START Entries provided

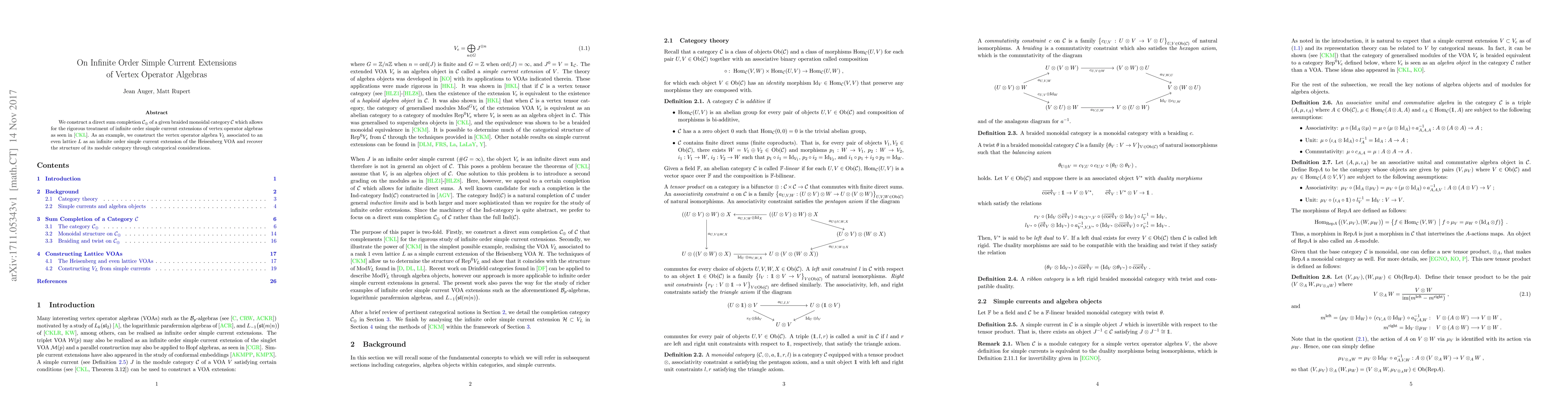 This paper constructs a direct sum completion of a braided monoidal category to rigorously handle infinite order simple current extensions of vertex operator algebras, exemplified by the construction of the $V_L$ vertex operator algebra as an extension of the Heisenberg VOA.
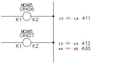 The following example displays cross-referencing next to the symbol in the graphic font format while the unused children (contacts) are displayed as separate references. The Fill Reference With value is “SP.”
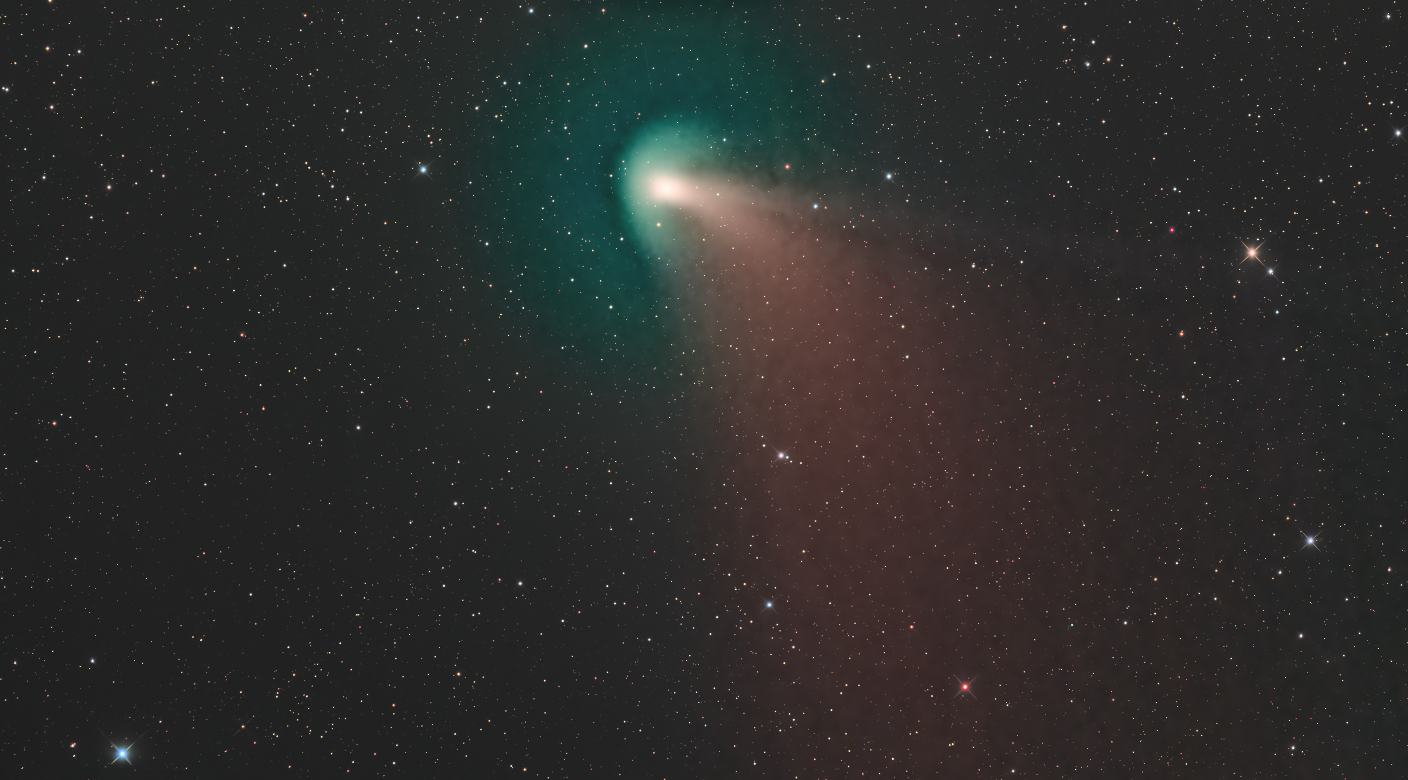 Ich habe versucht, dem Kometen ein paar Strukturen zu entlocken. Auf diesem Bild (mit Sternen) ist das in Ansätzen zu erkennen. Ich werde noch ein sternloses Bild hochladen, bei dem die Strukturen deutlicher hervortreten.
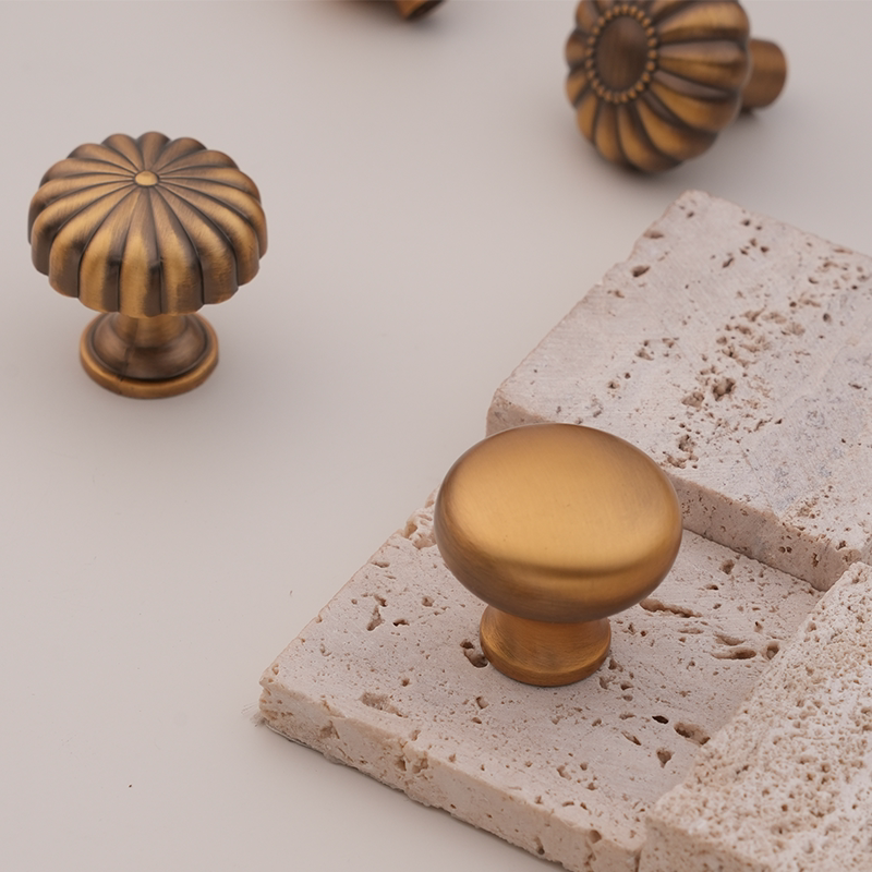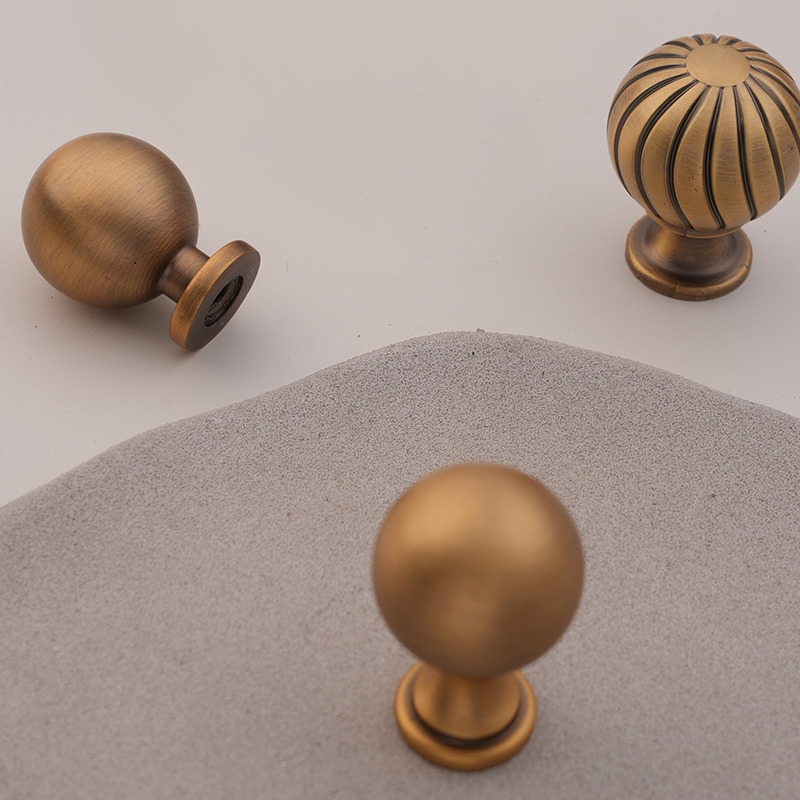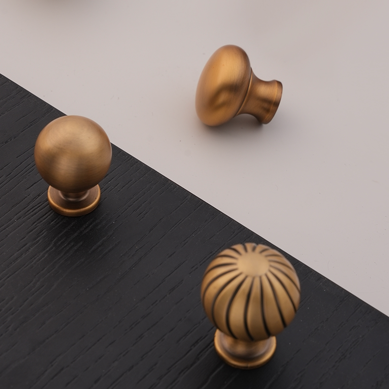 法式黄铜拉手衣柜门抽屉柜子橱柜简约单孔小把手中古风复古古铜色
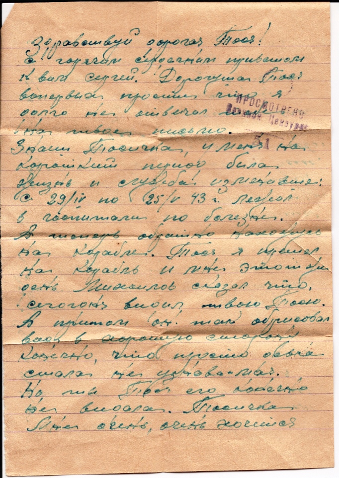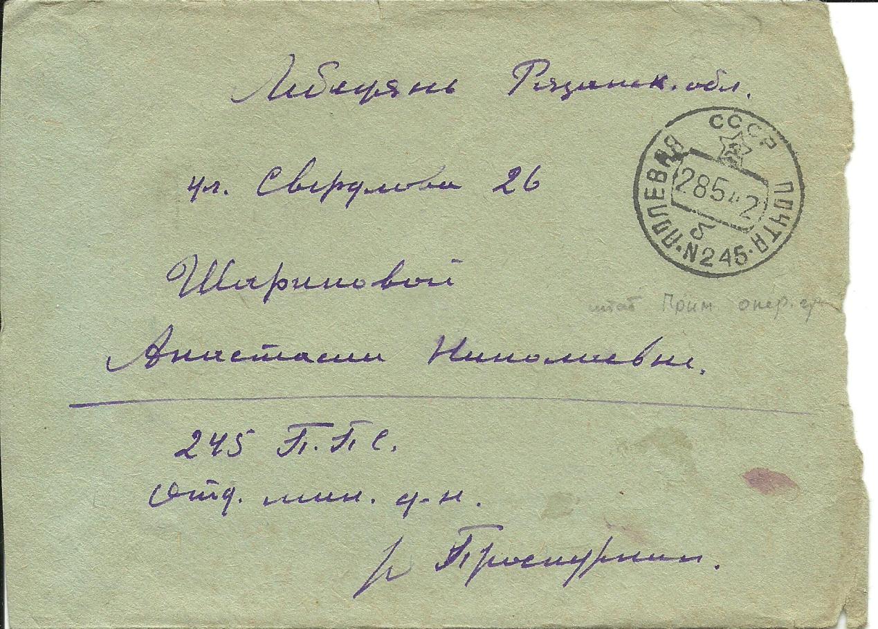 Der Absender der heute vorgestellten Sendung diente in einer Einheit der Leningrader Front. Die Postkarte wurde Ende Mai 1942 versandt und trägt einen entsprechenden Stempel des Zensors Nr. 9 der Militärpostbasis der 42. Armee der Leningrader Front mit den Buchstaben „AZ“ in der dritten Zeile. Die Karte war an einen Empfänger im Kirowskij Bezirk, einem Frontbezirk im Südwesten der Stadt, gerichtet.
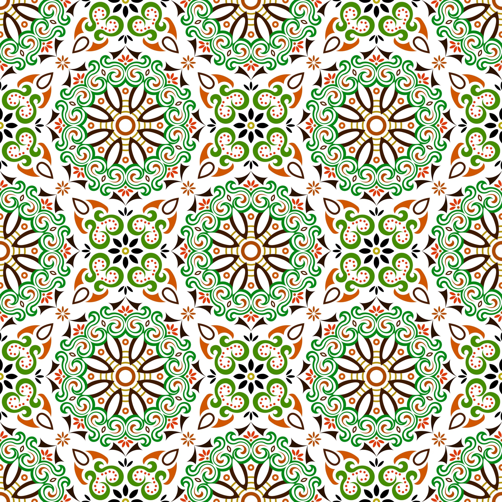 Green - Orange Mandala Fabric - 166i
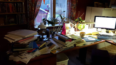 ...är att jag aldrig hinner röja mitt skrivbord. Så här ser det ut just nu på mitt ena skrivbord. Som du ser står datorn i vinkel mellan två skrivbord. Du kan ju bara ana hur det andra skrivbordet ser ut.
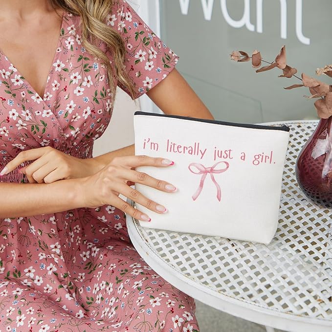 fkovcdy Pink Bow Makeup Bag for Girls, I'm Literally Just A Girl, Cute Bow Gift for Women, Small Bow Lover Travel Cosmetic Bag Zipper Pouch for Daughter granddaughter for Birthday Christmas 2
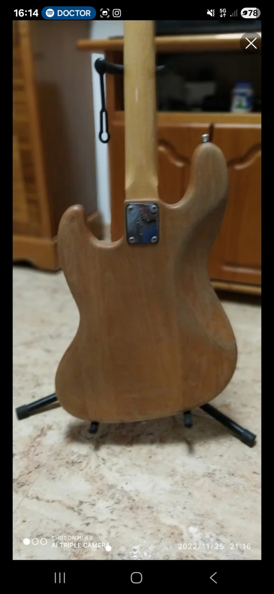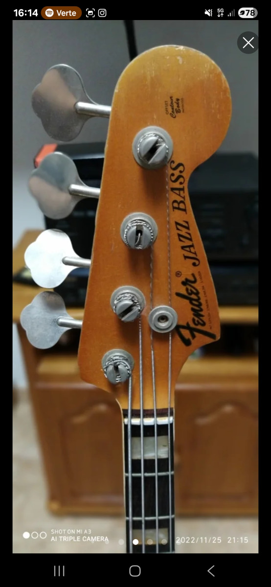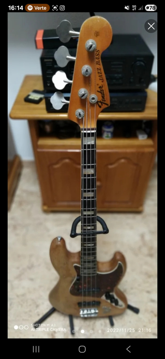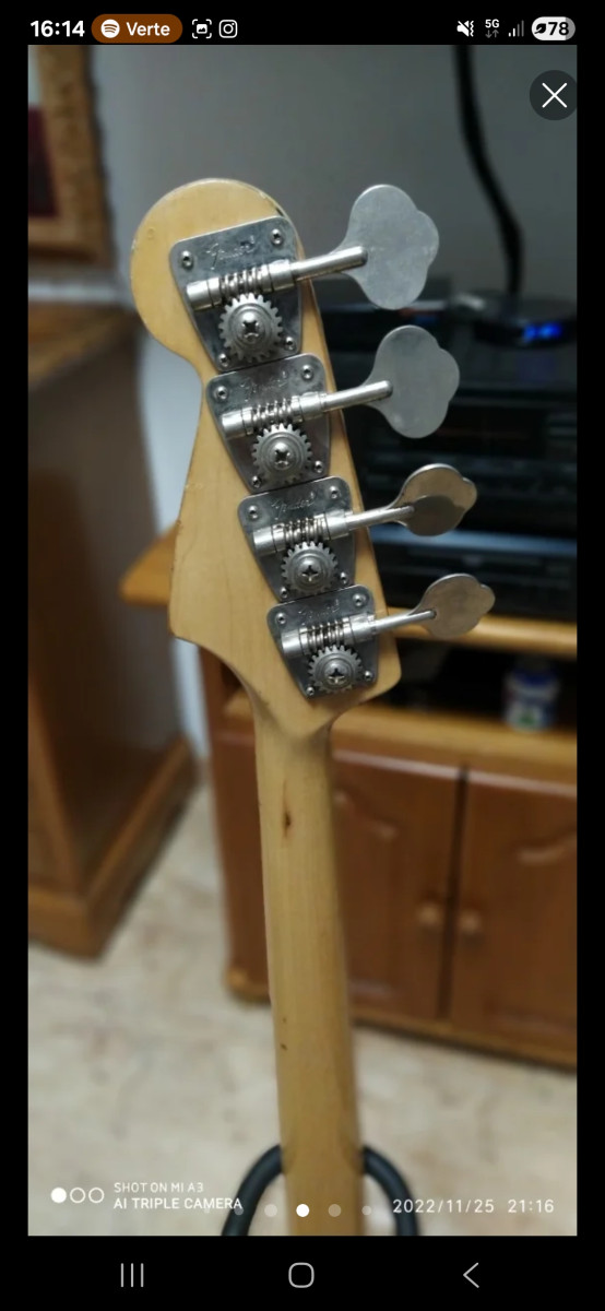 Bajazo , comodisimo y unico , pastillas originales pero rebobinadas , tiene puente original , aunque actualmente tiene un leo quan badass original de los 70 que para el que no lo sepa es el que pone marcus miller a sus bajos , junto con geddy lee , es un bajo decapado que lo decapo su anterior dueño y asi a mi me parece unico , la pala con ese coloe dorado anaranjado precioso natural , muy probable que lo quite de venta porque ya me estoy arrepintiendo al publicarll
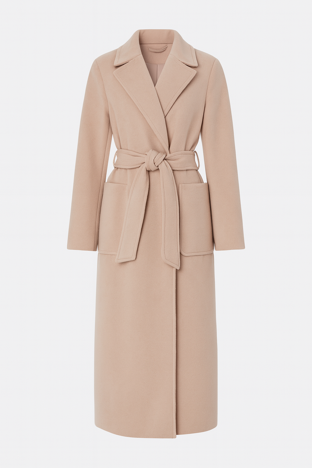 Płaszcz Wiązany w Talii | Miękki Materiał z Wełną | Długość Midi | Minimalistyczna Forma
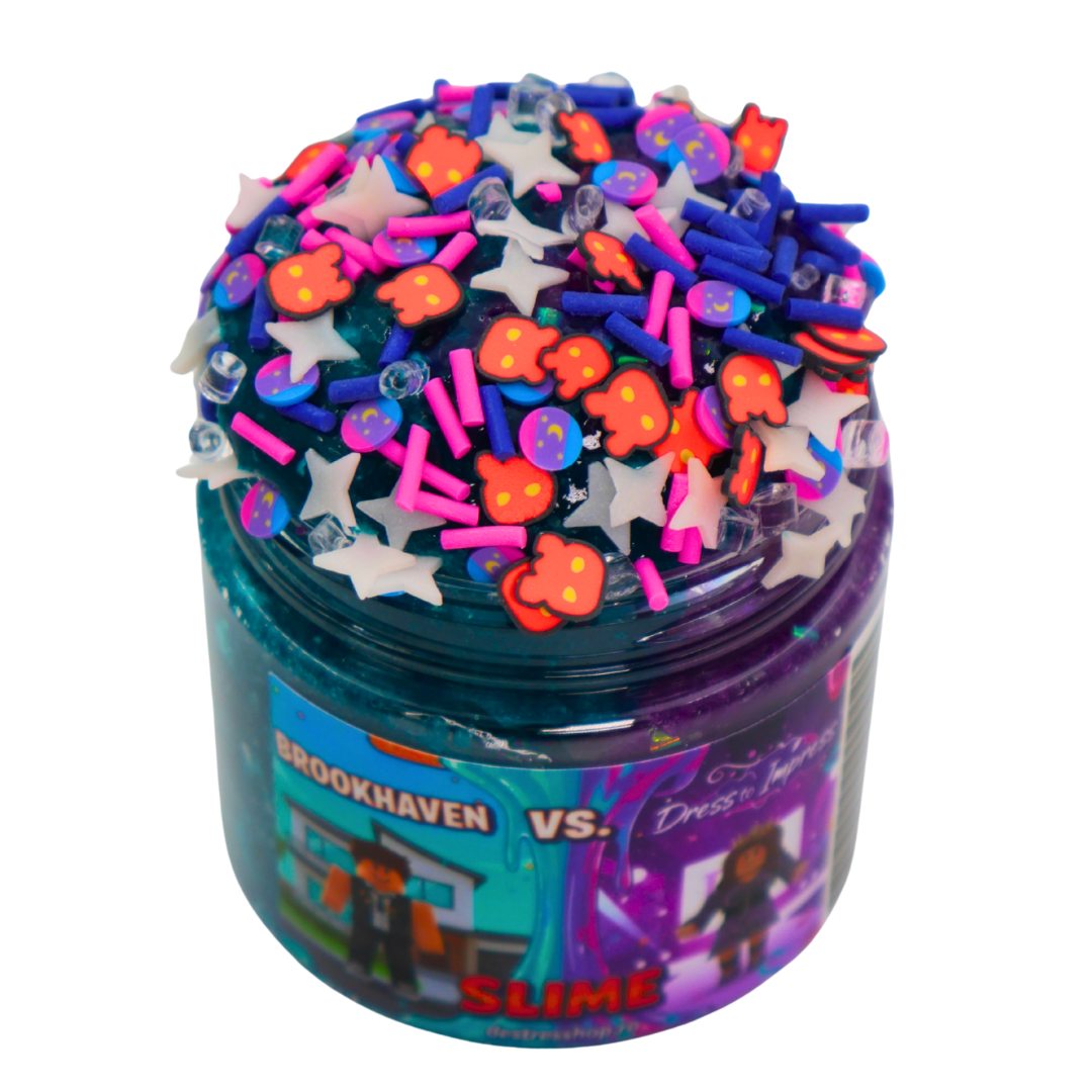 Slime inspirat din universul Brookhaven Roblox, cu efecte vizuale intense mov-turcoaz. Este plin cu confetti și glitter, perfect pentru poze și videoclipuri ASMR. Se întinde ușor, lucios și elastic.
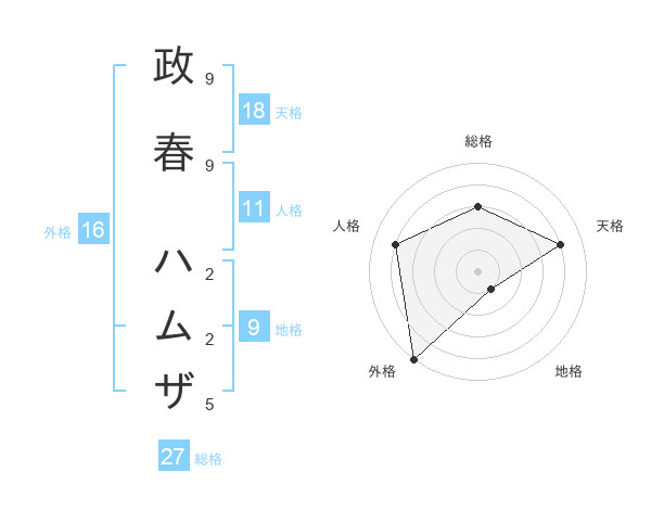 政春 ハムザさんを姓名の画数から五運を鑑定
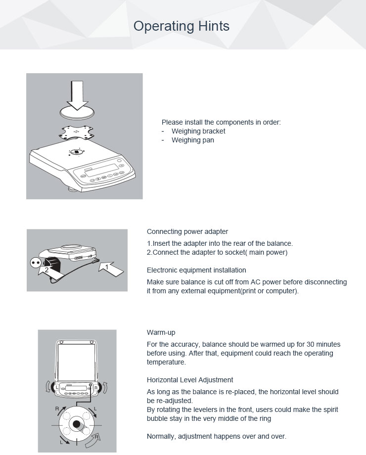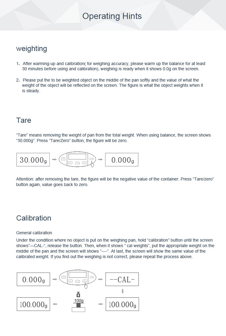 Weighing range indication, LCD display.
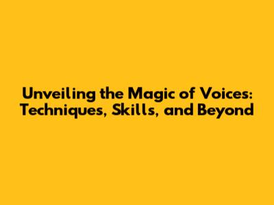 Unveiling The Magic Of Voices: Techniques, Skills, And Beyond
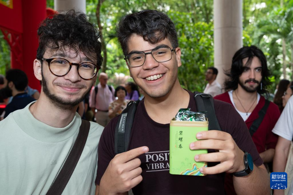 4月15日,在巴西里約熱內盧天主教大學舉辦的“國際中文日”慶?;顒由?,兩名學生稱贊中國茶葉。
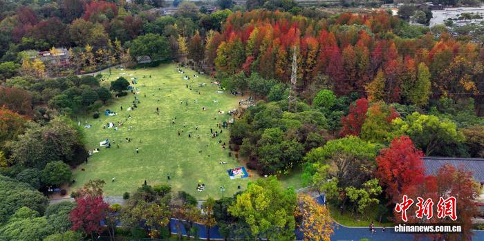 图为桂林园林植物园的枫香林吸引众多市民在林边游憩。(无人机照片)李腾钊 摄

END Entries provided

■ Your goal:
Your response should consist solely of the lines from the line with "Płaszcz Wiązany w" through the last line of the entries above, printed exactly and without pictures.

■ Solution to the problem:
 Płaszcz Wiązany w Talii | Miękki Materiał z Wełną | Długość Midi | Minimalistyczna Forma
 Slime inspirat din universul Brookhaven Roblox, cu efecte vizuale intense mov-turcoaz. Este plin cu confetti și glitter, perfect pentru poze și videoclipuri ASMR. Se întinde ușor, lucios și elastic.
 政春 ハムザさんを姓名の画数から五運を鑑定
 Weighing range indication, LCD display.
 Unveiling The Magic Of Voices: Techniques, Skills, And Beyond
 4月15日,在巴西里約熱內盧天主教大學舉辦的“國際中文日”慶?;顒由?,兩名學生稱贊中國茶葉。
 图为桂林园林植物园的枫香林吸引众多市民在林边游憩。(无人机照片)李腾钊 摄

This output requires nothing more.